И вот тогда-то он впервые и увидел ее, ту, о ком забудет на целое лето, погруженный в семейные проблемы, ссоры, низкооплачиваемую работу со свободным графиком и мысли о тщетности бытия и его же бесцельности. Ему показалось тогда, что ей четырнадцать — маленькая, на вид хрупкая и при том очень упрямая. Потом, по речи и поведению, стал ясен ее настоящий возраст.
А потом оказалось, что Джет не может больше его такого терпеть и не нужна ей нежность, забота и тот странный подвид свободы, доступный только ему.
Банально и больно.
Глупо, в общем-то, и неприглядно — но это жизнь, и, может, кому-то удается выбирать между жизнями, но таких счастливых людей мало кто знает.
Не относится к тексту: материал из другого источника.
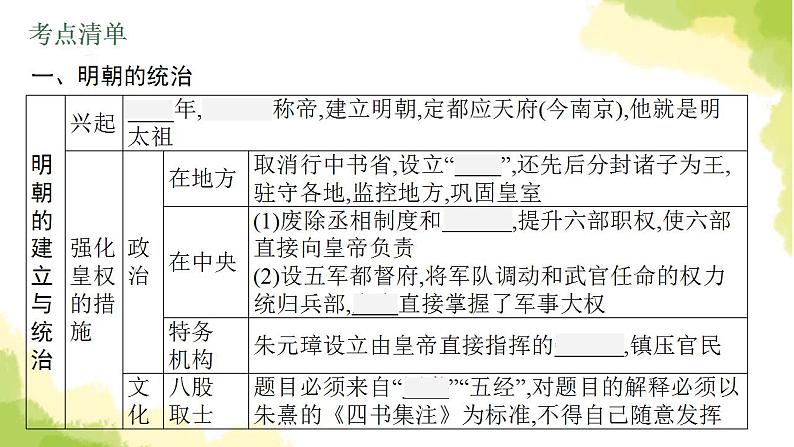 中考历史二轮复习能力提升课件:第一部分 中国古代史 第一部分 中国古代史 第六单元 明清时期:统一多民族国家的巩固与发展(含答案):

Ему иногда снилось колесо обозрения, и будто бы они с Джет прощаются, холодно целуясь где-то на полпути к самой высокой точке.
Ему снилась отрезанная голова Джет, отданная ему на хранение, которую он держит в морозильной камере холодильника. Но чаще ему снилась женщина в платье из осенних листьев, что отдавала ему футляр с нарезным ружьем и красноволосый мужчина, вылезающий из канализационного люка посреди детской площадки. Подтягивая колки на басу, мужчина говорил: "Крысы не умирают, они лишь прикидываются мертвыми, чтобы обрести свободу и жить на воле".
Кто они? Выдумка? Откуда они?
Почему так сложно разграничить их и Джет, их и девочку-огонька? И еще где-то в глубине сознания плещутся, словно сок на донышке непрозрачного бумажного пакета, какие-то очень важные воспоминания, и их никак не поймать, никак не выудить из этой тьмы.
Но если открыть глаза, из тьмы можно извлечь себя.
Он сел, с трудом раскрыл тяжелые веки и сфокусировал взгляд на стене впереди. Тут же его снова припечатала тьма, а в ушах зазвенело. Когда темнота перед глазами рассеялась, он смог осмотреть помещение, в котором находится.
Внутри все было серым, старым и крошащимся. Тусклая, сырая комната. Стены будто подернуты дымкой.
Серым кажется все. Цветов будто нет вообще — в сером окне серое небо, серые стены вокруг окна переходят в бледный, ненасыщенный черный.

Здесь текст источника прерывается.